> On Mar 20, 2021, at 4:21 PM, Kyle Owen via cctalk <cctalk@classiccmp.org> 
> wrote:
> 
> On Sat, Mar 20, 2021, 16:13 Paul Koning <paulkon...@comcast.net> wrote
> 
>> Speculating here since I have no direct knowledge: the DECtape format
>> allows read and write in either direction, while LINCtape only allows read
>> and write forward.  The bidirectional I/O capability was part of DECtape
>> format from the start, and I suspect the desire was to keep that.
> 
> 
> What systems took advantage of the bidirectional nature?
> 
> Kyle

DOS-11 for one (and thus RSTS, which reuses that format).  DOS DECtape files 
are linked lists; each block contains a link to the next block.  To allow for 
reading one block at a time, start/stop mode, DOS interleaves 4:1.  If you're 
allocating a long file and the allocation reaches end of tape, allocation then 
continues in the reverse direction.  The extreme case of a single file that 
takes up the whole drive looks like two up/down passes over the tape, each one 
touching 1/4th of the blocks in each direction.  When a file is read, blocks 
are read in the same direction as they were written.  The direction is given by 
the sign of the block number in the link word, negative means reverse.

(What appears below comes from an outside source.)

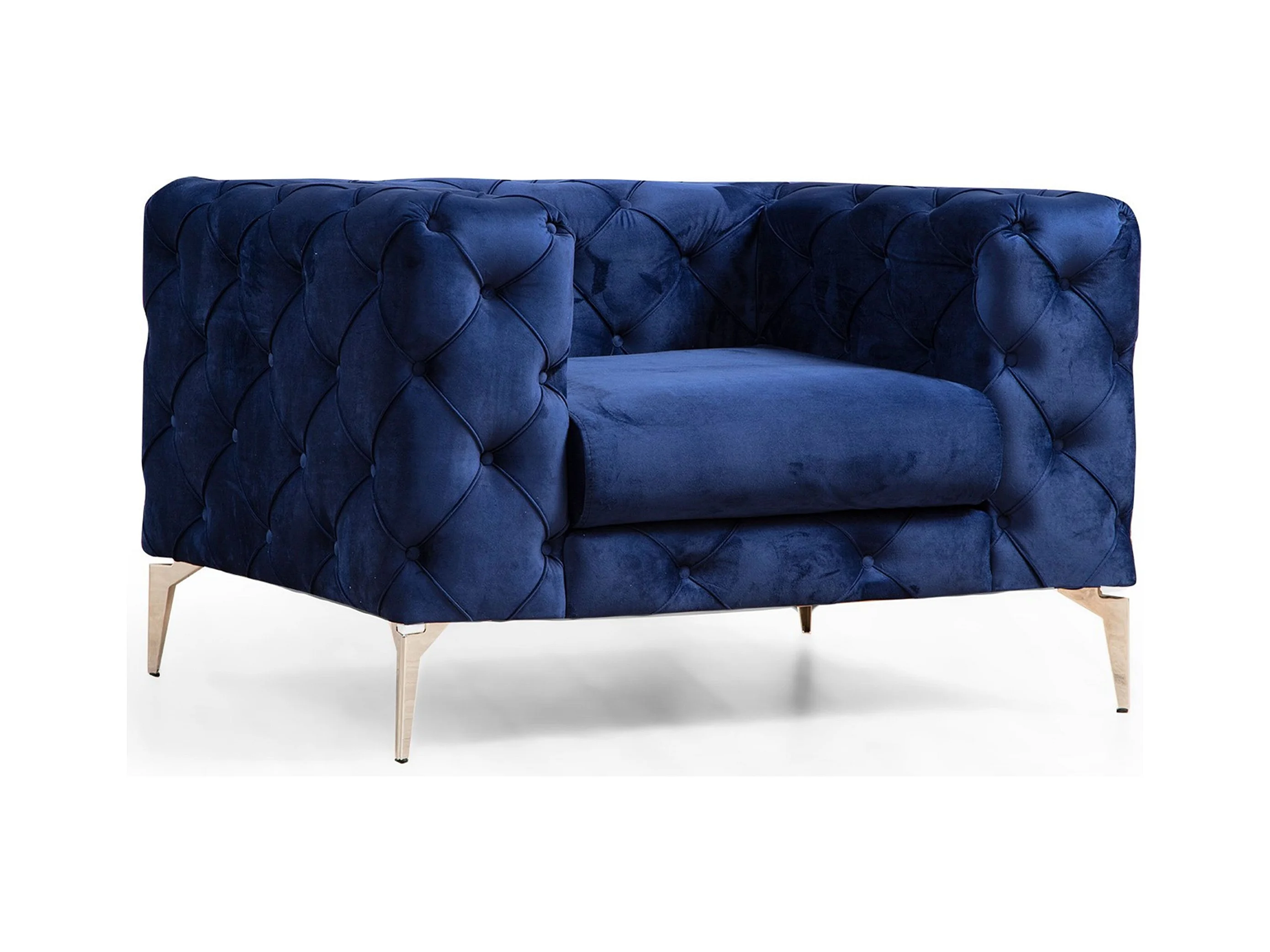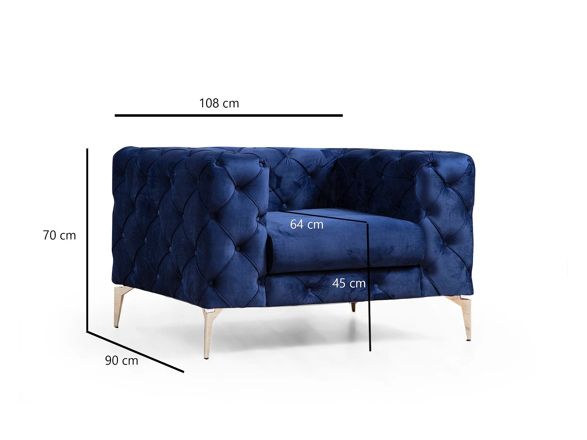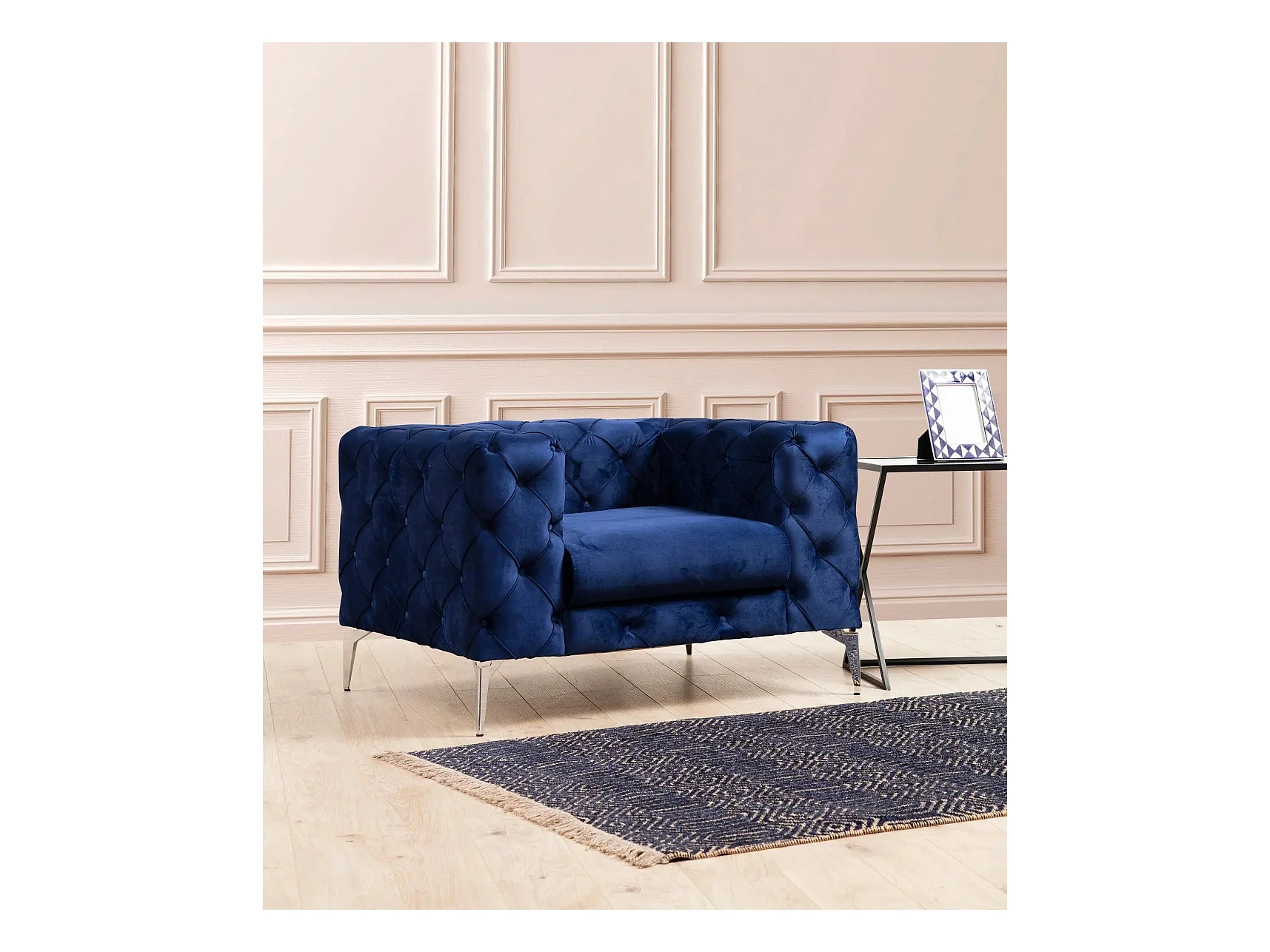 Fauteuil capitonné avec coussin Alykes Velours Bleu marine
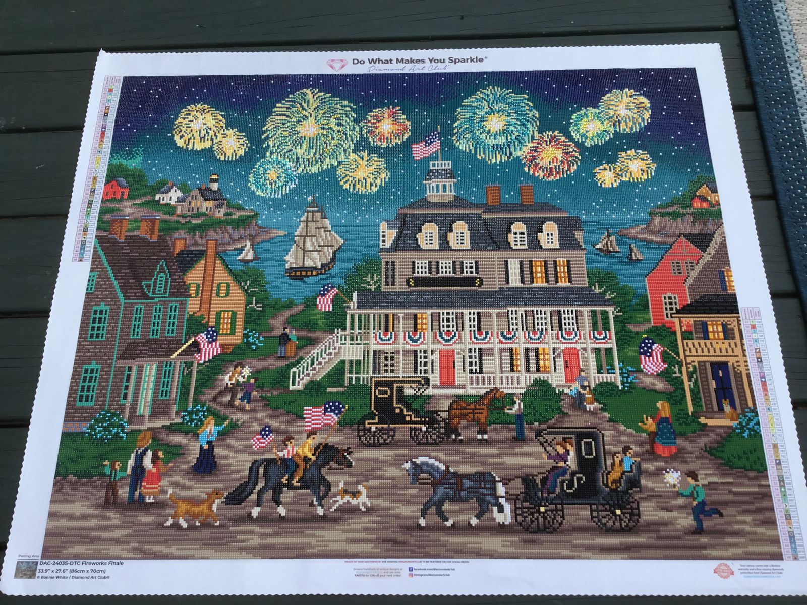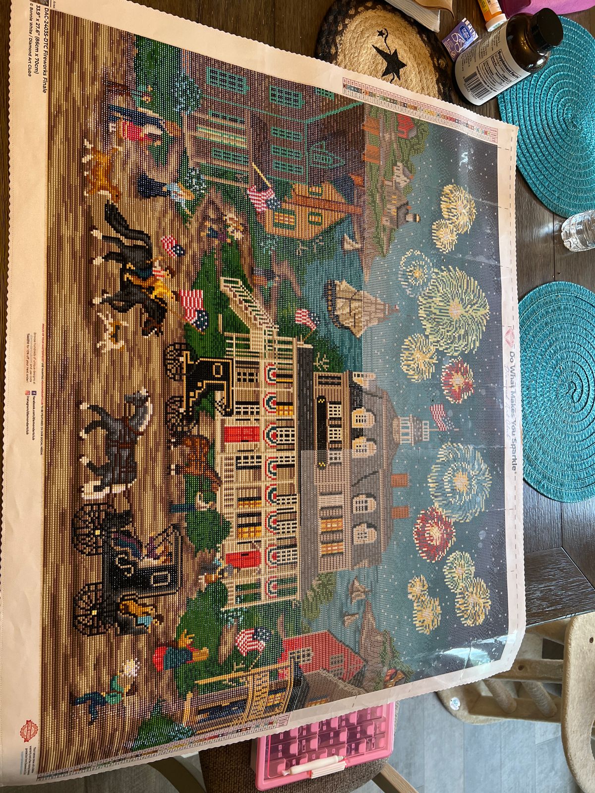 I am a suckered for sparkly things. That got me into the craft of diamond painting. I had seen DAC ads and decided to buy a big canvas. I have been doing diamond art for a few years and the Bonnie White canvas "Fireworks Finale " really caught my eye. My first DAC kit, my first large kit, my first square drills kit, not to mention my first time kitting up and multiplacing. I whirled through this beautiful canvas and enjoyed every minute! The canvas itself and everything included with it was top quality and made the expense of the kit so worth it! If you love a sparkly bit of folk art, I would highly recommend "Fireworks Finale. " Of course I have just HAD to buy several more DAC kits....

As Grant pointed out in the oral history interview, bidirectional DECtape I/O 
in the sense that you could read a block in the opposite direction it was 
written isn't all that useful.  While the PDP-11 controller does the obverse 
complement thing, that just means you get the bits in the word correct but the 
256 words are still in the opposite order.  That could be handled, of course, 
but I haven't seen programs that do so.

Well, one exception: the tape formatter does the write timing/mark forward, 
then write all in reverse, then reads (to check) forward.  But those are test 
patterns so the job of dealing with the direction change is easy.